> [RECORDED DATA]:

%%

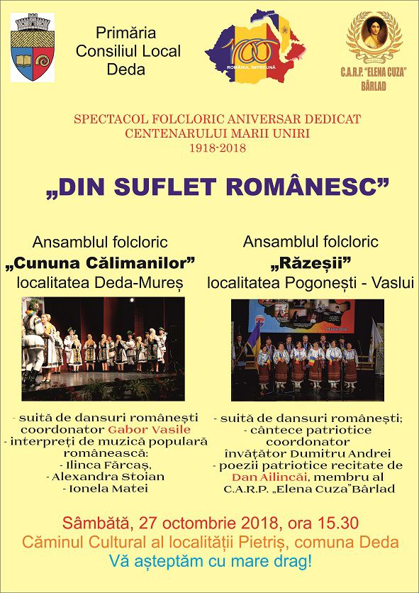 Casa de Ajutor Reciproc a Pensionarilor Elena Cuza din Bârlad vă invită vineri, 27 iulie 2018, ora 11.00 la simpozionul IMNUL-SIMBOLUL UNITĂȚII ȘI IDENTITĂȚII NOASTRE NAȚIONALE
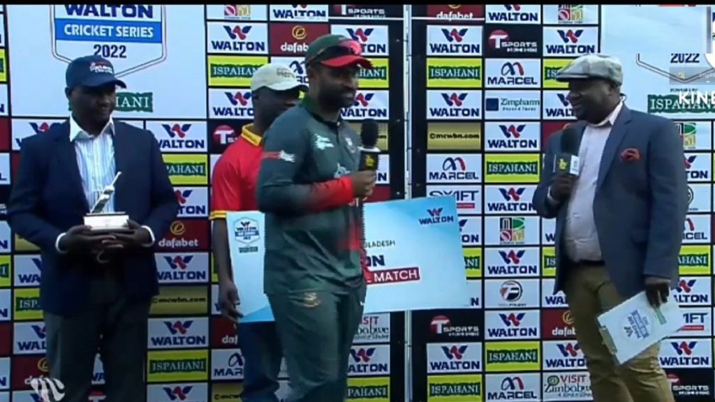 ব্যাটে বলে অনবদ্য অবদানের স্বীকৃতিস্বরূপ ম্যান অফ দ্য মাচের পুরস্কার জিতেন সিকান্দার রাজা।
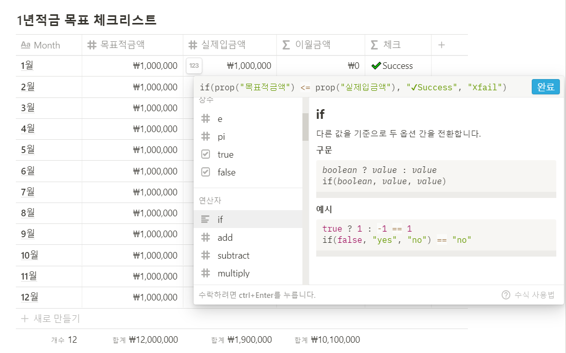 노션에서 if문 사용방법은 아래와 같다.
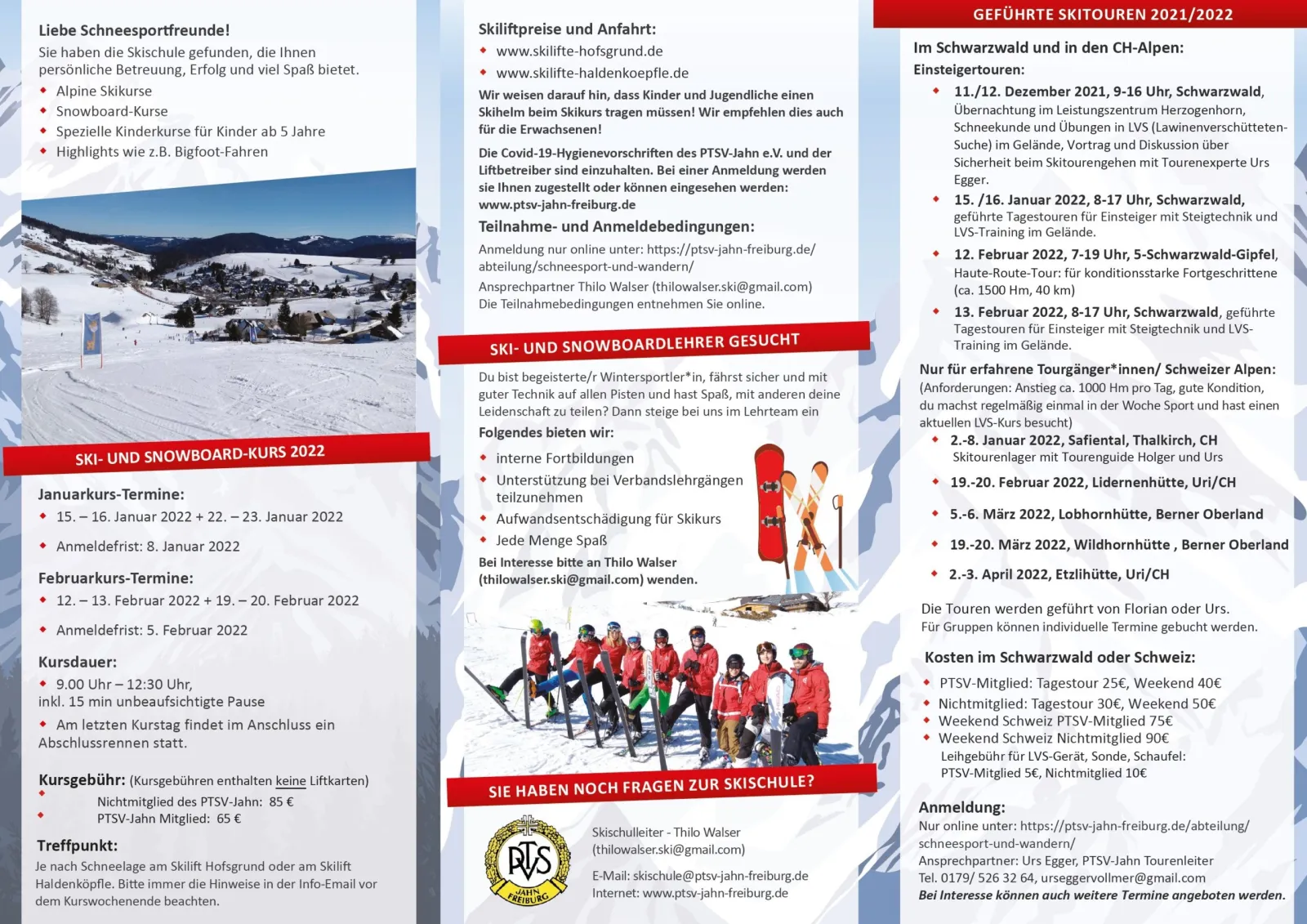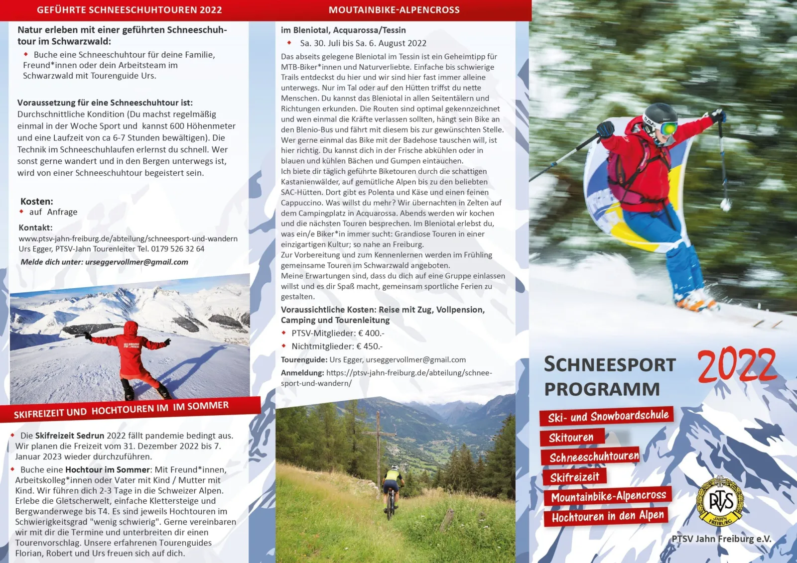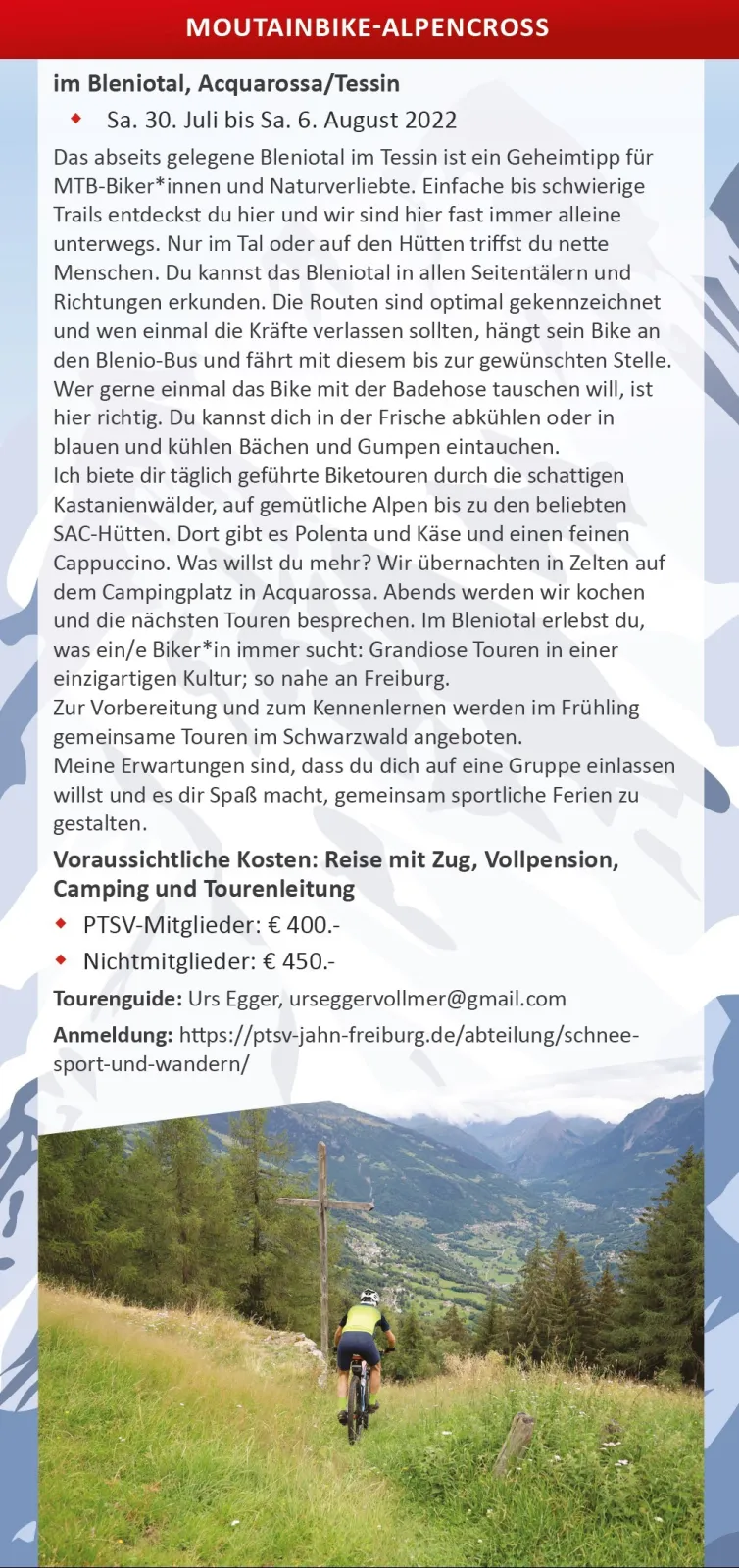 Moutainbike-Alpencross 2022 Autor Datum 1 March 2022 Abteilung Ski- und Bergsport Lesezeit Ca. 1 Minute Moutainbike-Alpencross 2022 Bild Das vollständige Winterprogramm 2022 Bild Bild oder ein Screenpaper: Wintersportprogramm 2022 News im Überblick - Alle - Billard Floorball Fußball Gesundheitssport Kegeln Kraftraum Kyudo Lacrosse Leichtathletik Ski- und Bergsport Tennis Tischtennis Turnen Ultimate Frisbee Volleyball Ski- und Bergsport Erste Hilfe am Berg Infoveranstaltung "Erste Hilfe am Berg" vom 16.1.2025 verpasst? Ski- und Bergsport Anmeldung Ski- und Snowboardkurse 2025 Bild Ski- und Bergsport Ski- und Bergsportabteilung Jahresprogramm 2025 Liebe Bergsportbegeisterte, wir stellen dir das Jahresprogramm 2025 für den Winter- und Sommer vor. Es ist für jeden etwas dabei. Ob Ski- und Snowboardkurse, Ski- und Schneeschuhtouren, Langlauf, Mountainbike, Wandern, Klettern, Hochtouren oder auch Theoriekurse, jeder findet etwas. Ski- und Bergsport Lehrgang Lawinenverschüttetensuche und Erste Hilfe am Berg Bild Ski- und Bergsport 19.-20.9.2024: Einfache Bergwanderung auf die Grimsel, Berneroberland/CH Jetzt ist die perfekte Wanderzeit. Wir fahren Richtung Grimselpass bis zum Berggasthaus Oberaar. Am Staussee beginnt eine einfache Wanderung (T2) bis zum Oberaargletscher. Das Gletschertor führt gerade viel Schmelzwasser und und die umliegenden Moränen laden ein den Gletscher von Nahe zu betrachten. Ski- und Bergsport Ski- und Bergsportabteilung Sommerprogramm 2024 Bild Paginierung Mehr laden

%%

For this exercise, write out the listing verbatim and leave every image out.

 Casa de Ajutor Reciproc a Pensionarilor Elena Cuza din Bârlad vă invită vineri, 27 iulie 2018, ora 11.00 la simpozionul IMNUL-SIMBOLUL UNITĂȚII ȘI IDENTITĂȚII NOASTRE NAȚIONALE
 ব্যাটে বলে অনবদ্য অবদানের স্বীকৃতিস্বরূপ ম্যান অফ দ্য মাচের পুরস্কার জিতেন সিকান্দার রাজা।
 노션에서 if문 사용방법은 아래와 같다.
 Moutainbike-Alpencross 2022 Autor Datum 1 March 2022 Abteilung Ski- und Bergsport Lesezeit Ca. 1 Minute Moutainbike-Alpencross 2022 Bild Das vollständige Winterprogramm 2022 Bild Bild oder ein Screenpaper: Wintersportprogramm 2022 News im Überblick - Alle - Billard Floorball Fußball Gesundheitssport Kegeln Kraftraum Kyudo Lacrosse Leichtathletik Ski- und Bergsport Tennis Tischtennis Turnen Ultimate Frisbee Volleyball Ski- und Bergsport Erste Hilfe am Berg Infoveranstaltung "Erste Hilfe am Berg" vom 16.1.2025 verpasst? Ski- und Bergsport Anmeldung Ski- und Snowboardkurse 2025 Bild Ski- und Bergsport Ski- und Bergsportabteilung Jahresprogramm 2025 Liebe Bergsportbegeisterte, wir stellen dir das Jahresprogramm 2025 für den Winter- und Sommer vor. Es ist für jeden etwas dabei. Ob Ski- und Snowboardkurse, Ski- und Schneeschuhtouren, Langlauf, Mountainbike, Wandern, Klettern, Hochtouren oder auch Theoriekurse, jeder findet etwas. Ski- und Bergsport Lehrgang Lawinenverschüttetensuche und Erste Hilfe am Berg Bild Ski- und Bergsport 19.-20.9.2024: Einfache Bergwanderung auf die Grimsel, Berneroberland/CH Jetzt ist die perfekte Wanderzeit. Wir fahren Richtung Grimselpass bis zum Berggasthaus Oberaar. Am Staussee beginnt eine einfache Wanderung (T2) bis zum Oberaargletscher. Das Gletschertor führt gerade viel Schmelzwasser und und die umliegenden Moränen laden ein den Gletscher von Nahe zu betrachten. Ski- und Bergsport Ski- und Bergsportabteilung Sommerprogramm 2024 Bild Paginierung Mehr laden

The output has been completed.